Retype exactly what appears below from the line containing "De acuerdo a" down to the line containing "People pass the", keeping both end lines. Do not include pictures.
─── Records shown
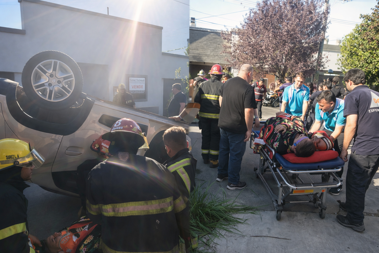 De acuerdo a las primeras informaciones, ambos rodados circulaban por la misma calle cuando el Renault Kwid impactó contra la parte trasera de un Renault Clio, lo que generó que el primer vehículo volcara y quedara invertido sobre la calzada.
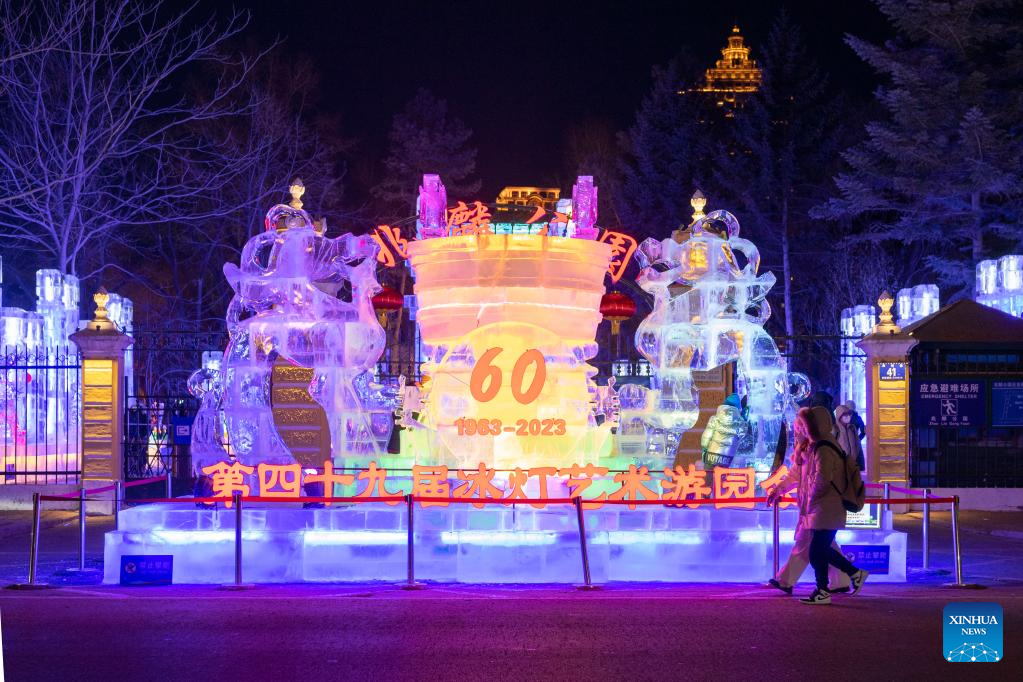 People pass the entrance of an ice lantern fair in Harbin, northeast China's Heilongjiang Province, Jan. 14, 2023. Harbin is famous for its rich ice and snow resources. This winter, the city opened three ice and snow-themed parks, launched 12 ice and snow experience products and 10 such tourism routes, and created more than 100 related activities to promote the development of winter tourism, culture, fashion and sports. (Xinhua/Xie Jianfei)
──────
─── Records shown
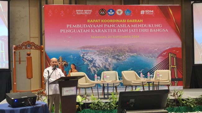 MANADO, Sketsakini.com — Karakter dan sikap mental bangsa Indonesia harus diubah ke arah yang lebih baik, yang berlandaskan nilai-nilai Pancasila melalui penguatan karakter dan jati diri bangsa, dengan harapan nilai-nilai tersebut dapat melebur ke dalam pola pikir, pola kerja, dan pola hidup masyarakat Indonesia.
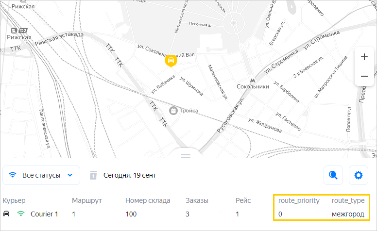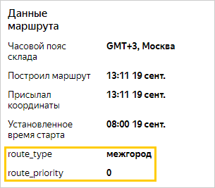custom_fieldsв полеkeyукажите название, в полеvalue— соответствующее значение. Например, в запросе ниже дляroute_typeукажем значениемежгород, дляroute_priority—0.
──────
─── Records shown
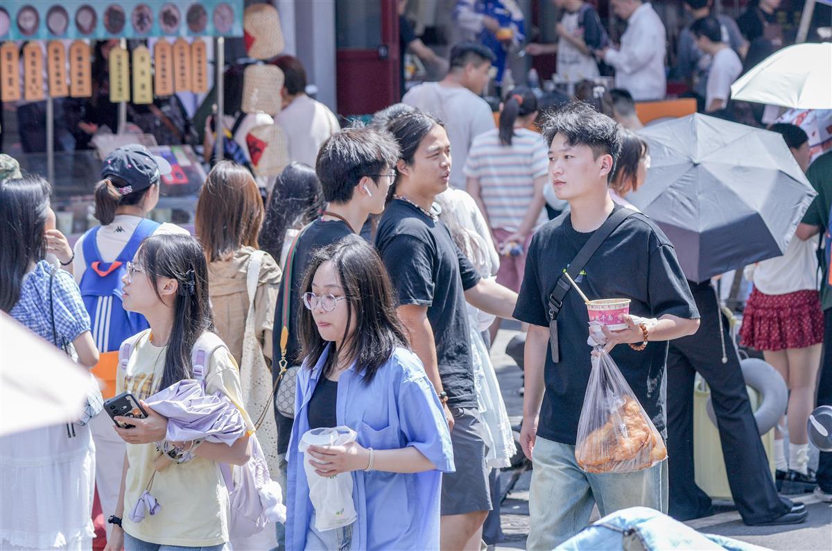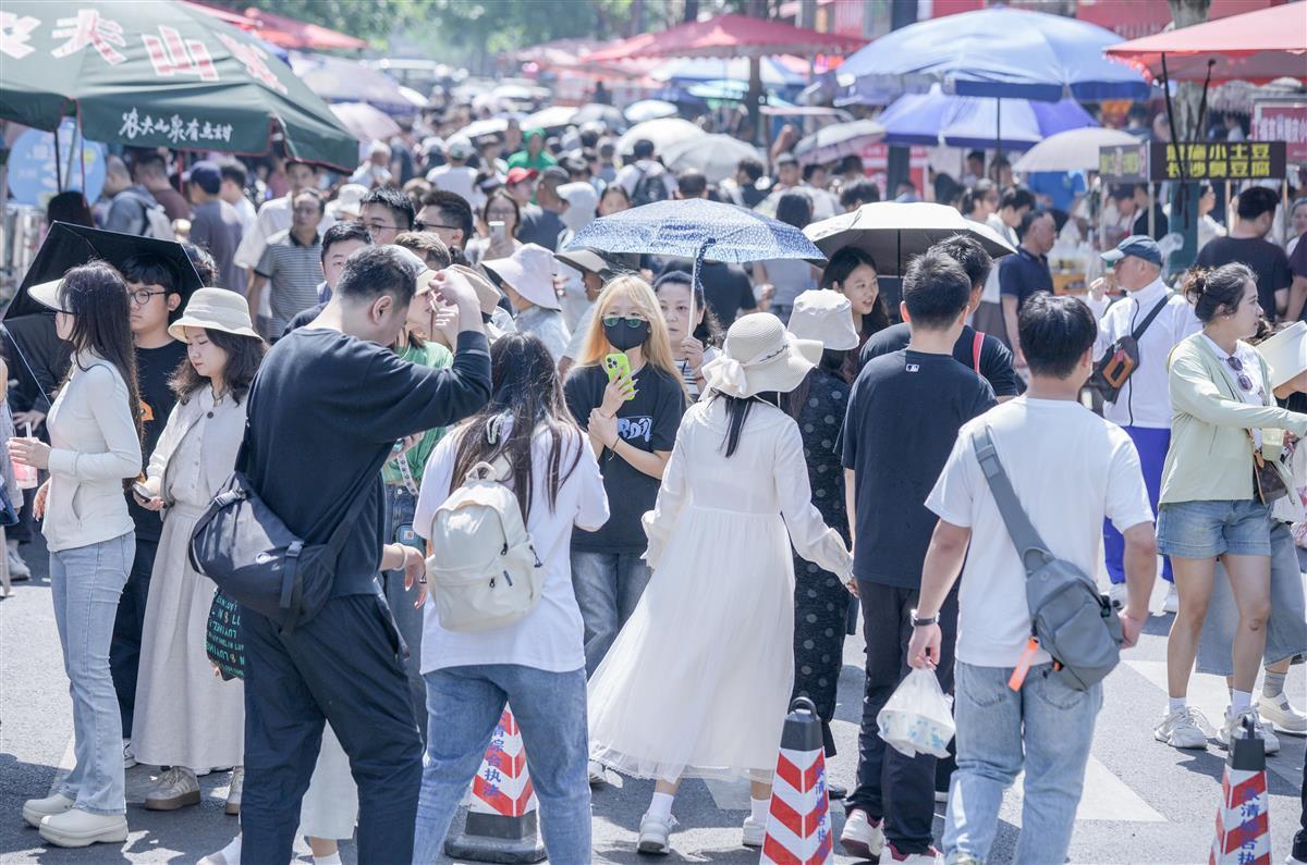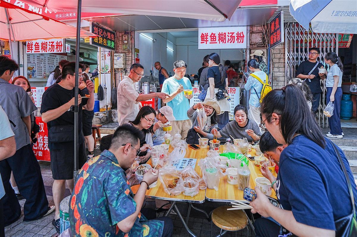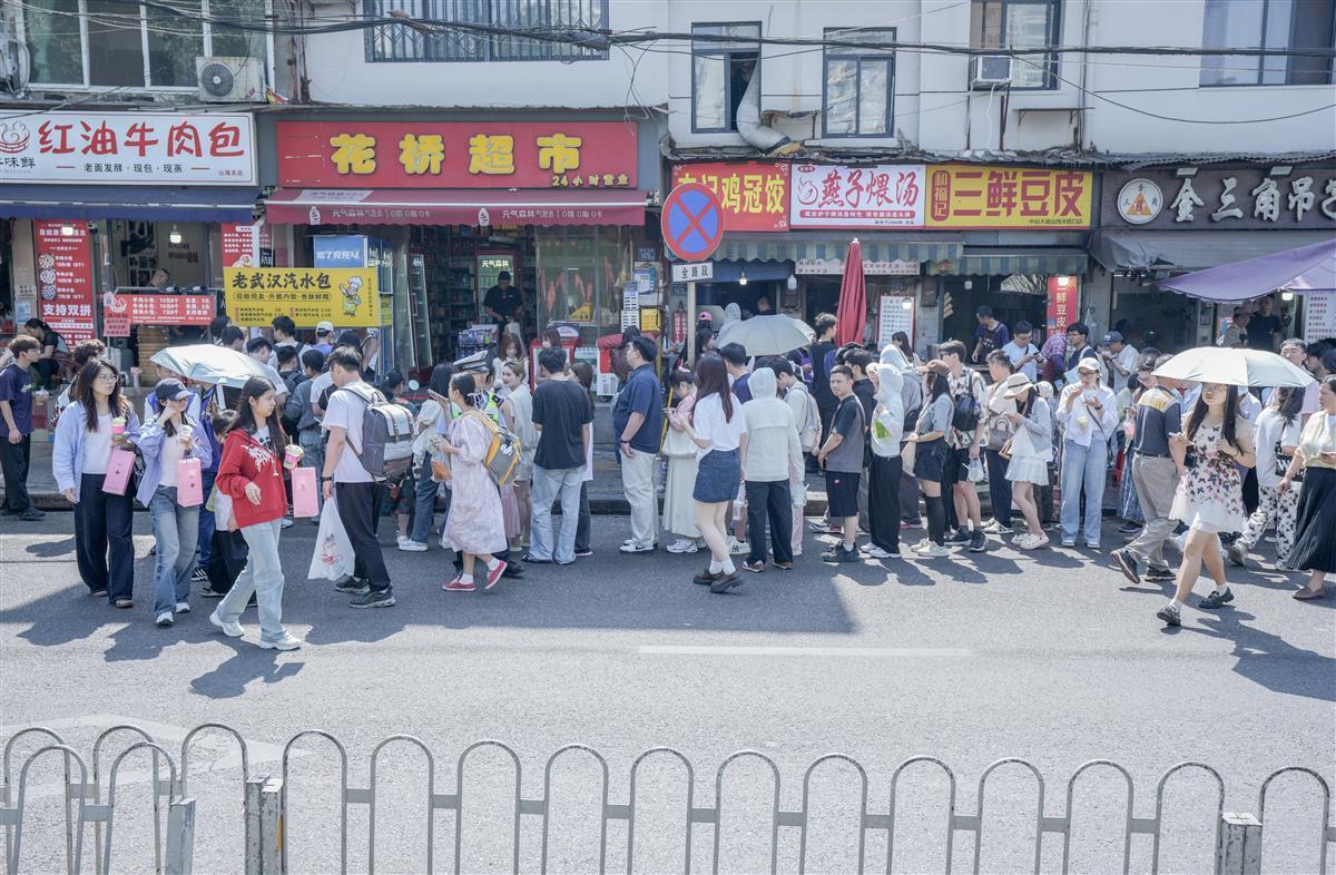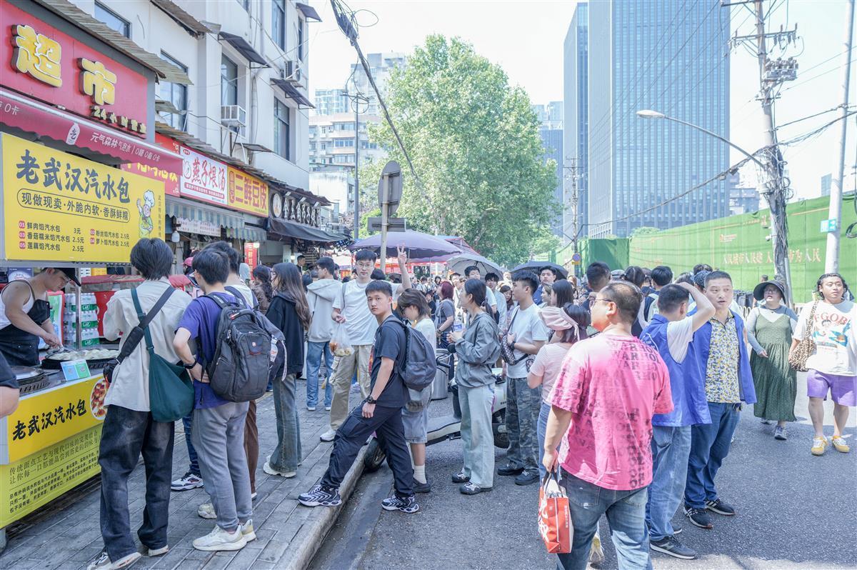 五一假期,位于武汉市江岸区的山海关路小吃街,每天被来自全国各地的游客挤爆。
──────
▸ **Answer to the exercise**
 De acuerdo a las primeras informaciones, ambos rodados circulaban por la misma calle cuando el Renault Kwid impactó contra la parte trasera de un Renault Clio, lo que generó que el primer vehículo volcara y quedara invertido sobre la calzada.
 People pass the entrance of an ice lantern fair in Harbin, northeast China's Heilongjiang Province, Jan. 14, 2023. Harbin is famous for its rich ice and snow resources. This winter, the city opened three ice and snow-themed parks, launched 12 ice and snow experience products and 10 such tourism routes, and created more than 100 related activities to promote the development of winter tourism, culture, fashion and sports. (Xinhua/Xie Jianfei)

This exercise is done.